Yet, after Sox9 could be detected in intrahepatic bile ducts at embryonic day 16.5, the source of hepatocyte differentiation switched from Sox9-negative hepatoblasts to the Sox9-positive cells from within the developing biliary tree—the adult
scenario. For those not working in the field in 1985, or indeed some older hepatologists with short memories, Gershom Zajicek published his “streaming liver” hypothesis in that year.22 Basically, it stated that hepatocytes were produced near the portal areas and migrated centripetally toward the hepatic veins where they underwent 5-Fluoracil concentration a cell death process. The hypothesis was based on a pulse-chase analysis made on a group of normal rats injected with the DNA substrate tritiated thymidine; as time progressed the average distance of the labeled hepatocytes from the portal areas increased, hence they “streamed”.

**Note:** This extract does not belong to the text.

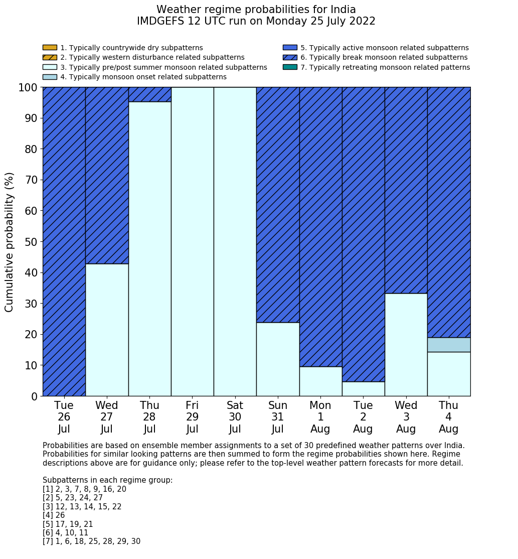 | Weather patterns typically associated with summer monsoon tendencies over India are most likely Weather patterns 12, 13, 15, 15 and 22 (pre/post summer monsoon); 26 (onset); 17, 19 and 21 (active); 4, 10 and 11 (break) | |
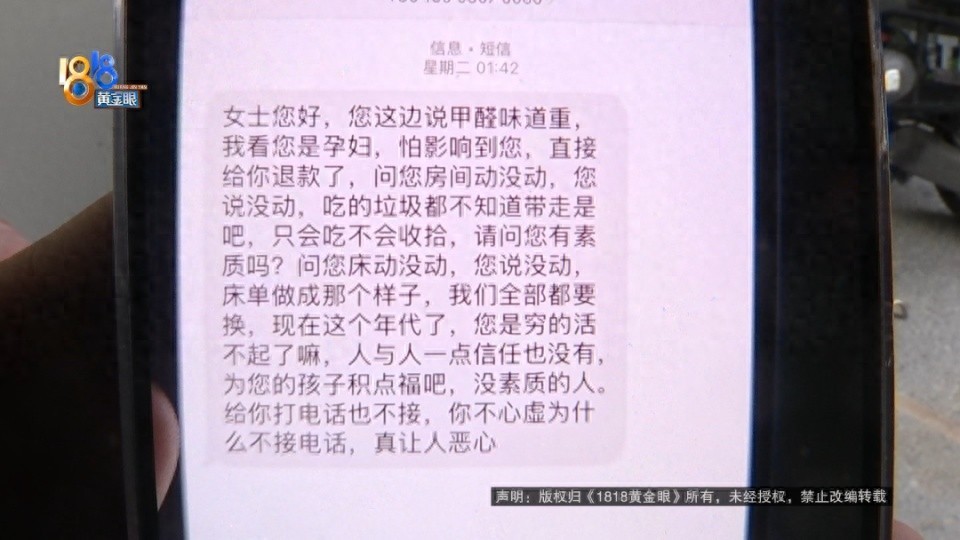 “女士您好,您这边说甲醛味道重,我看您是孕妇怕影响到您,直接给你退款了。问您房间动没动,您说没动,吃的垃圾都不知道带走是吧?只会吃不会收拾,请问您有素质吗?问您床动没动,您说没动,床单坐成那个样子,我们全部都要换,现在这个年代了,您是穷得活不起了嘛?人与人一点信任也没有。”

These experiments were often criticized on technical grounds, mainly because tritiated thymidine could be released from dead cells, e.g., bone marrow cells, and then be reused by cells synthesizing DNA at later time points; hence, the experiment was not a true pulse-chase. So, although lacking a little in modern-day sophistication, Zajicek’s hypothesis appears essentially correct, with elegant lineage tracing in the study by Furuyama et al.21 adding the fact that biliary epithelial cells are also the MCE main instigators of physiological liver replacement—in essence, establishing a new paradigm of liver homeostasis. However, it is still unclear, as in oval Belnacasan in vivo cell reactions, if all cells within the intrahepatic biliary tree are potential hepatocyte progenitors, or whether this property is confined to a subpopulation. Only time will tell. “
“A 61-year-old Japanese woman suffered from a small, painful, subcutaneous nodule on the sole of her foot that was 10 mm across in diameter during pegylated interferon (PEG IFN) and ribavirin (RBV) combination therapy for chronic hepatitis C. Skin biopsy revealed multiple non-caseating granulomas composed
of epithelioid histiocytes with multinucleate giant cells, which was consistent with sarcoidosis. Ophthalmologic examination revealed uveitis. Thoracic computed tomography (CT) showed multiple bilateral hilar lymphadenopathies and a diffuse micronodular interstitial pattern of the lungs. Genetic analysis indicated a probable homozygous haplotype of A*02:01-C*15:02-B*51:01-DRB1*16:02-DQB1*05:02 in human leukocyte antigen regions. The patient was observed carefully without any additional medication because no significant systemic symptoms were noted. Combination therapy was continued for 2 months afterwards. She was asymptomatic for over 3 years of follow up, and repeated hematological and biological investigations and chest CT showed improvement.